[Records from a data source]
****************************************

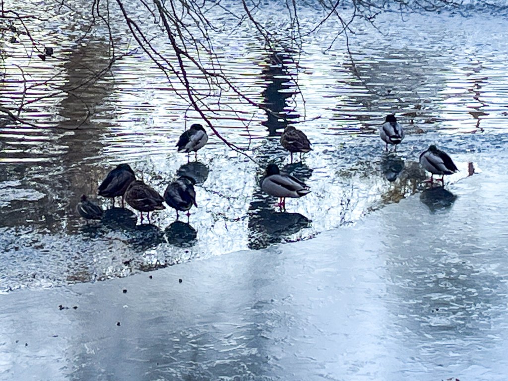 The western end was frozen except around the water pump and the birds congregated on the ice. The wintering drake Teal was with a group of mallard and a Grey Wagtail fed along the frozen margins.
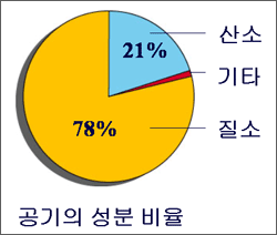 또한 여기에는 수증기와 미량의 불활성 기체(아르곤, 네온 등등), 이산화탄소와 오염, 엔진연소들에 의해 생긴 탄화수소가 포함되어있다. 일반적인 공기의 구성은 그림과 같다. 대부분의 다이빙시 공기에는 78%의 질소와 21%의 산소 및 1%의 다른기체가 포함된 것으로 간주한다.
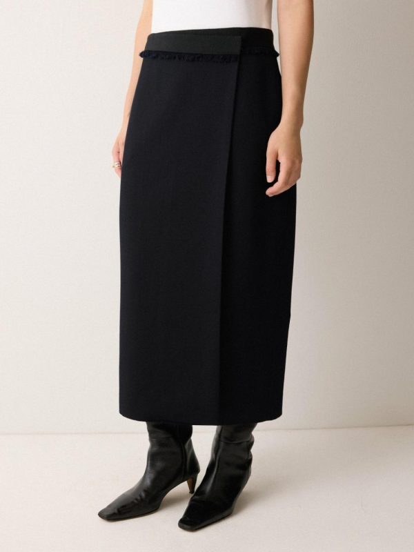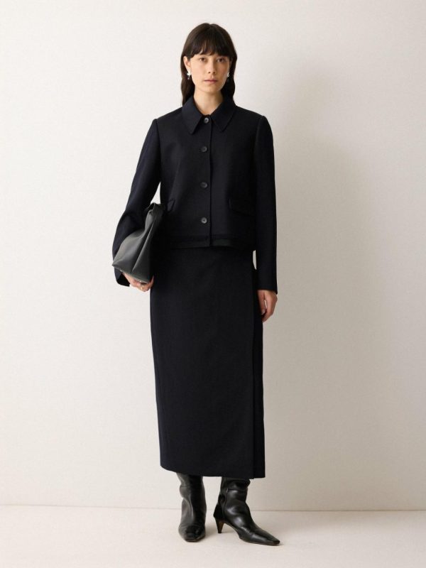 Designed as part of a co-ord, this midi skirt is crafted from the same lustrous wool blend fabrication as the matching jacket, making it perfect for day to nighttime dressing. The wrap front is complemented by a grosgrain trim, which brings a layer of texture to its otherwise sleek silhouette.
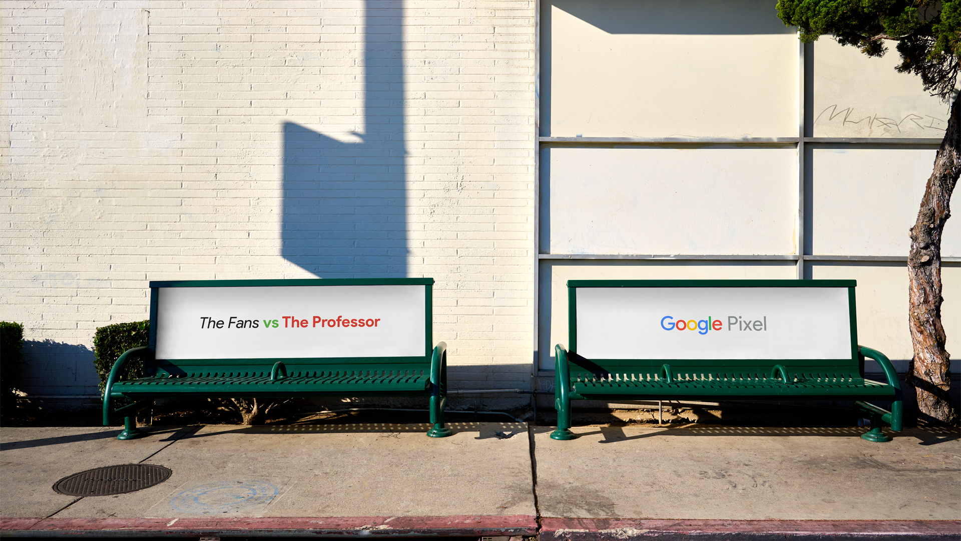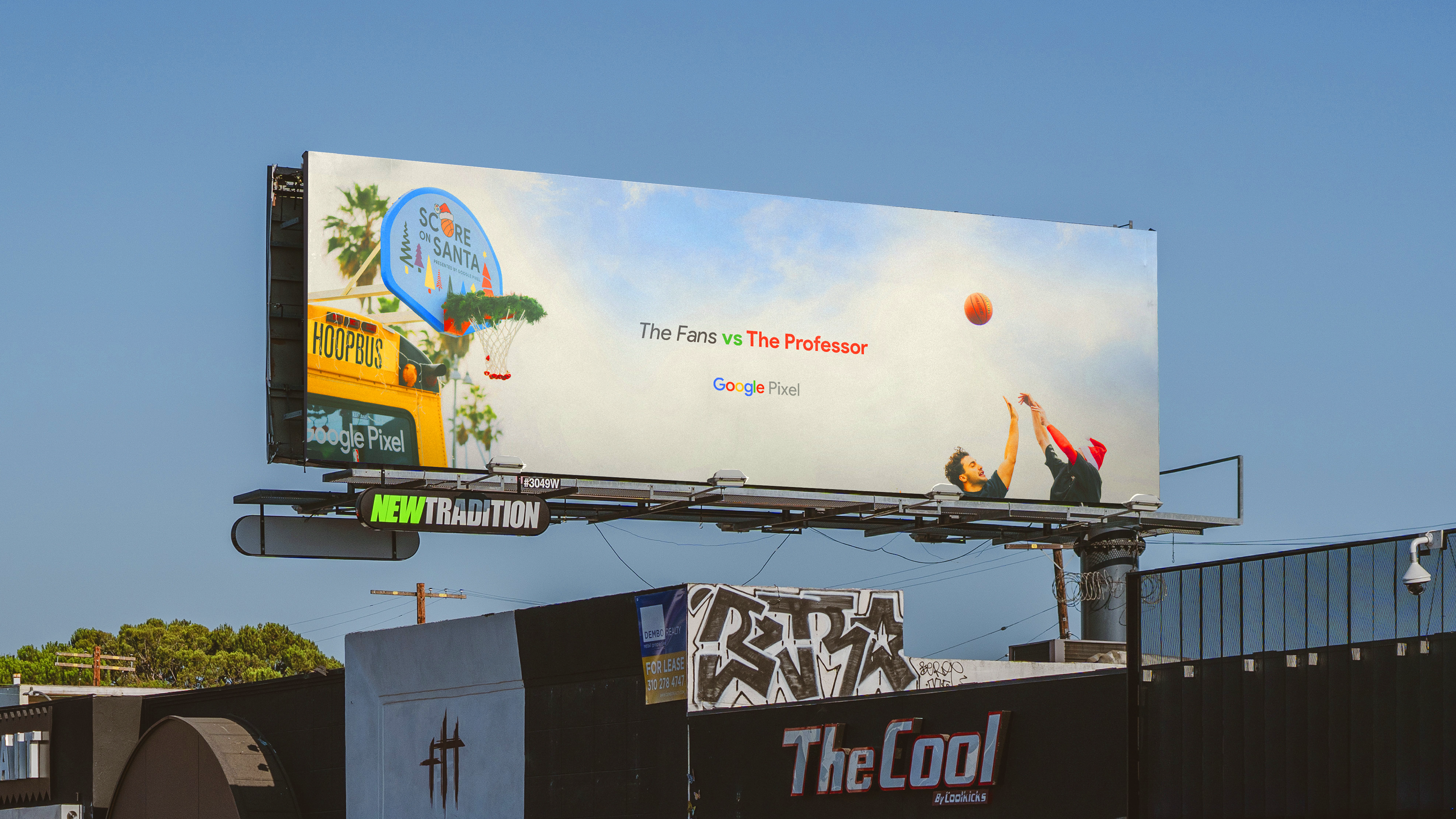 Advertising campaign for the launch of the new Google phone model at Venice Beach.
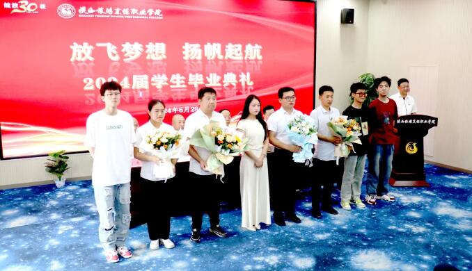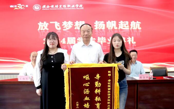 毕业班级学生向学院赠送锦旗 学院党委书记朱选朝代表学院接旗
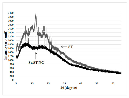 However, in the case of Se/ST NC, its diffractogram still showed weak reflexes, which coincided with a number of reflexes of the original ST used for the synthesis of Se/ST NC (Figure 4, coincidence is marked by vertical lines).
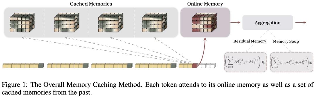 简单来说,与其让 RNN 只维护一个不断被覆盖和更新的「当前状态」,不如定期对这些隐藏状态进行「快照打卡」(Caching checkpoints)。这样,在进行信息检索时,模型不仅可以查看当前的「在线记忆」,还能直接调取「缓存记忆」中的历史快照,瞬间找回过去的相关信息。
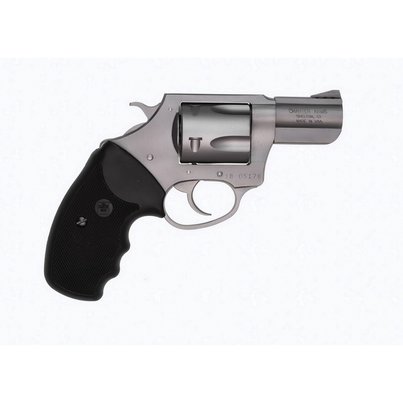 Charter Arms' .357 Mag Pug is a home protection revolver second to none. Compact, yet extremely powerful, the 5-shot Mag Pug features a ported 2.2 inches barrel and fixed sights. The Mag Pug weighs in at 23 oz and features a traditional spurred hammer and full-size grips. This .357 has the stopping power to dispatch any and every threat to your home and family. Arm yourself with confidence. Target model also available with a 4 inches barrel and adjustable rear sight.
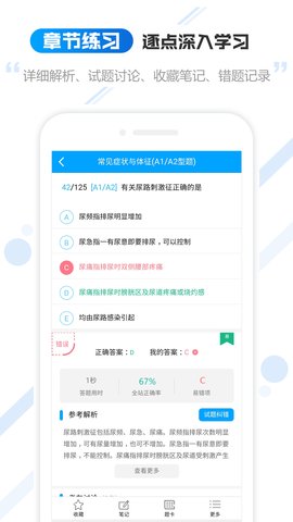 2. 学习模式灵活自适应:软件支持章节练习、题型突破、模拟考试、错题重练等多种模式,用户可根据自身复习阶段自由切换。所有学习资料支持离线下载,完美适配医护人员不规律的工作和休息时间,实现随时随地学习。
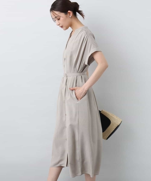雰囲気を変えて着こなしの幅を楽しめる2wayワンピース ■デザイン リラクシーなシルエットと程よく開いたキーネックデザインが首周りをすっきりと見せてくれるワンピース。着脱のラクチンな前釦仕様で、両脇ポケット付きも嬉しい。 ■素材 ドライタッチで清涼感のある素材を使用。落ち感がある素材は広がりすぎず、きれいめな印象で着こなせます。やや透け感のある素材ですが、裏地付きなので安心して着用いただけます。 ■コーディネート ベルトでウエストマークをしてエレガンスな雰囲気で着こなしたり、ベルトなしでラフな着こなしも両方楽しめます。前釦をすべて開けて羽織りものとしての着こなしもおすすめ。 -------------------- 着用シーズン 春:○ 夏:◎ 秋:× 冬:× -------------------- 洗濯表示:手洗い可 透け感:ややあり 裏地:あり 伸縮性:なし 生地の厚さ:やや薄手 -------------------- ※自然光・照明の関係、パソコン・スマートフォンなどの環境により、実際と色味が違って見える場合がございます。予めご了承ください。商品の色味は、詳細画像をご参照ください。 ※サンプルでの撮影となるため、実際にお届けする商品と仕様やサイズが異なる場合がございます。
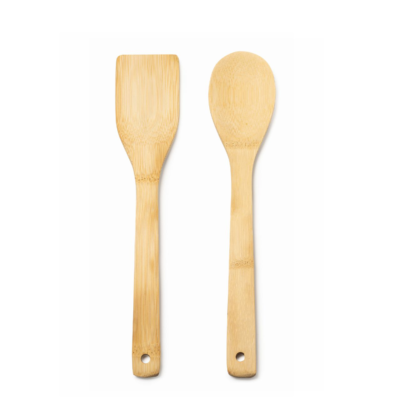Mestoli da cucina in bamboo: spatola e cucchiaio. Dimensioni: cm 6x30x0,7
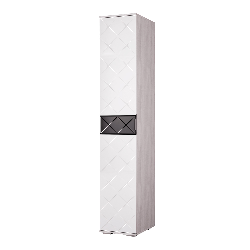 В глубокий пенал "Кимберли" ПН-16 вы сможете повесить свою одежду, на верхней и нижней полке разместить аксессуары и любые принадлежности. Изделие имеет белый глянцевый фасад со вставкой из черного стекла (лакобель) и гравировкой в виде ромбов. Пенал прекрасно подойдет для небольшой комнаты, так как размеры очень компактные.
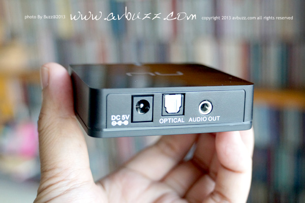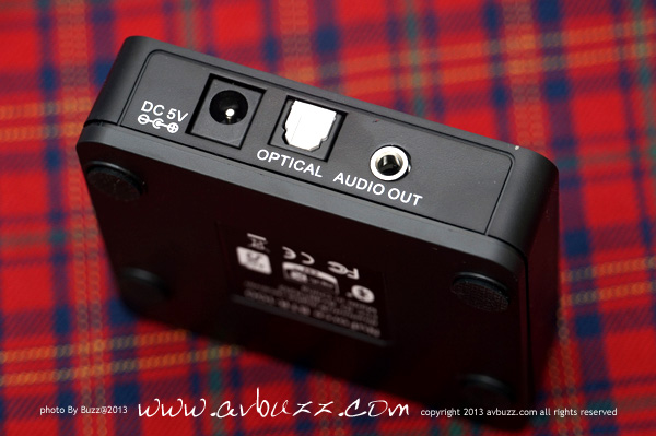 究竟呢件手掌咁細的東東,有什麼可以玩呢? 除了前面板有顯示燈外,背面有圖中所見三個接口,咁簡單唔需要介紹喇下化。 唯一訊源輸入當然係藍芽啦,輸出有圖中所見呢兩款。

****************************************

Reproduce every line above exactly as written, omitting the images.

 The western end was frozen except around the water pump and the birds congregated on the ice. The wintering drake Teal was with a group of mallard and a Grey Wagtail fed along the frozen margins.
 또한 여기에는 수증기와 미량의 불활성 기체(아르곤, 네온 등등), 이산화탄소와 오염, 엔진연소들에 의해 생긴 탄화수소가 포함되어있다. 일반적인 공기의 구성은 그림과 같다. 대부분의 다이빙시 공기에는 78%의 질소와 21%의 산소 및 1%의 다른기체가 포함된 것으로 간주한다.
 Designed as part of a co-ord, this midi skirt is crafted from the same lustrous wool blend fabrication as the matching jacket, making it perfect for day to nighttime dressing. The wrap front is complemented by a grosgrain trim, which brings a layer of texture to its otherwise sleek silhouette.
 Advertising campaign for the launch of the new Google phone model at Venice Beach.
 毕业班级学生向学院赠送锦旗 学院党委书记朱选朝代表学院接旗
 However, in the case of Se/ST NC, its diffractogram still showed weak reflexes, which coincided with a number of reflexes of the original ST used for the synthesis of Se/ST NC (Figure 4, coincidence is marked by vertical lines).
 简单来说,与其让 RNN 只维护一个不断被覆盖和更新的「当前状态」,不如定期对这些隐藏状态进行「快照打卡」(Caching checkpoints)。这样,在进行信息检索时,模型不仅可以查看当前的「在线记忆」,还能直接调取「缓存记忆」中的历史快照,瞬间找回过去的相关信息。
 Charter Arms' .357 Mag Pug is a home protection revolver second to none. Compact, yet extremely powerful, the 5-shot Mag Pug features a ported 2.2 inches barrel and fixed sights. The Mag Pug weighs in at 23 oz and features a traditional spurred hammer and full-size grips. This .357 has the stopping power to dispatch any and every threat to your home and family. Arm yourself with confidence. Target model also available with a 4 inches barrel and adjustable rear sight.
 2. 学习模式灵活自适应:软件支持章节练习、题型突破、模拟考试、错题重练等多种模式,用户可根据自身复习阶段自由切换。所有学习资料支持离线下载,完美适配医护人员不规律的工作和休息时间,实现随时随地学习。
雰囲気を変えて着こなしの幅を楽しめる2wayワンピース ■デザイン リラクシーなシルエットと程よく開いたキーネックデザインが首周りをすっきりと見せてくれるワンピース。着脱のラクチンな前釦仕様で、両脇ポケット付きも嬉しい。 ■素材 ドライタッチで清涼感のある素材を使用。落ち感がある素材は広がりすぎず、きれいめな印象で着こなせます。やや透け感のある素材ですが、裏地付きなので安心して着用いただけます。 ■コーディネート ベルトでウエストマークをしてエレガンスな雰囲気で着こなしたり、ベルトなしでラフな着こなしも両方楽しめます。前釦をすべて開けて羽織りものとしての着こなしもおすすめ。 -------------------- 着用シーズン 春:○ 夏:◎ 秋:× 冬:× -------------------- 洗濯表示:手洗い可 透け感:ややあり 裏地:あり 伸縮性:なし 生地の厚さ:やや薄手 -------------------- ※自然光・照明の関係、パソコン・スマートフォンなどの環境により、実際と色味が違って見える場合がございます。予めご了承ください。商品の色味は、詳細画像をご参照ください。 ※サンプルでの撮影となるため、実際にお届けする商品と仕様やサイズが異なる場合がございます。
Mestoli da cucina in bamboo: spatola e cucchiaio. Dimensioni: cm 6x30x0,7
 В глубокий пенал "Кимберли" ПН-16 вы сможете повесить свою одежду, на верхней и нижней полке разместить аксессуары и любые принадлежности. Изделие имеет белый глянцевый фасад со вставкой из черного стекла (лакобель) и гравировкой в виде ромбов. Пенал прекрасно подойдет для небольшой комнаты, так как размеры очень компактные.
 究竟呢件手掌咁細的東東,有什麼可以玩呢? 除了前面板有顯示燈外,背面有圖中所見三個接口,咁簡單唔需要介紹喇下化。 唯一訊源輸入當然係藍芽啦,輸出有圖中所見呢兩款。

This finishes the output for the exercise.